The American Hospital Association (AHA) and several hospitals seek to invalidate a Centers for Medicare and Medicaid Services (CMS) auditing policy in a lawsuit filed on November 1 whose ultimate outcome could affect thousands of hospitals across the country and hundreds of millions of dollars in Medicare payments.

The policy at issue in the case, American Hospital Association v. Sebelius, No. 1:12-cv-01770 (D.D.C. Nov. 1, 2012), involves private entities that contract with CMS to audit payments to providers and suppliers in the Medicare program. Under the policy, these entities, called recovery audit contractors (RAC), review payments to hospitals under Medicare Part A, which pays for inpatient hospital care. If a RAC concludes that a hospital could have provided treatment on an outpatient (and therefore most likely, less expensive) basis, CMS deems the payment an “overpayment” and requires the hospital to return the entire payment. Where a RAC finds such an overpayment, moreover, CMS generally does not reimburse the hospital under Medicare Part B, which pays for outpatient care.
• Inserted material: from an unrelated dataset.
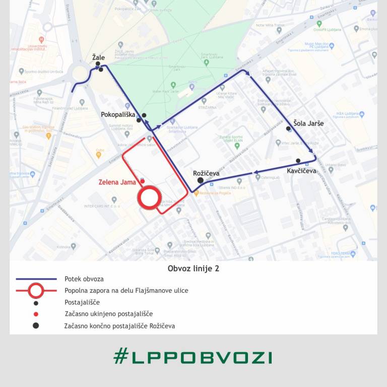 Obvoz bo imela tudi linija 2 Ljubljanskega potniškega prometa. Trasa bo sledeča:

To the detriment of hospitals and patients, the AHA argues in its complaint, this policy results in CMS “refusing to pay hospitals for hundreds of millions of dollars’ worth of care provided to patients, even though all agree that the care provided was reasonable and medically necessary as the Medicare Act requires.” The AHA asks the federal court overseeing the case to set aside the policy for violating the Medicare statute and other legal requirements that govern policymaking by agencies like CMS. Additionally, the AHA, which represents nearly 5,000 hospitals and health systems, asks the court to order CMS to pay all hospitals denied payment under the policy the full amount for their services.

The AHA lawsuit marks the culmination of years’ worth of administrative-level challenges to the policy, which grew out of legislation in 2006 making permanent a RAC demonstration project from legislation in 2003. In its complaint, the AHA notes that hospitals have been successful 75 percent of the time in overturning RAC determinations under the policy in non-precedential administrative proceedings on the theory that the hospitals were entitled to payment under Medicare Part B for reasonable and medically necessary services that the hospitals provided in the inpatient setting but could have provided in the outpatient setting. While it remains to be seen whether the court will agree with this theory, the AHA lawsuit will at a minimum require CMS, in its response to the AHA’s complaint, to provide insight into the agency’s rationale for the policy, which the AHA alleges has otherwise been absent.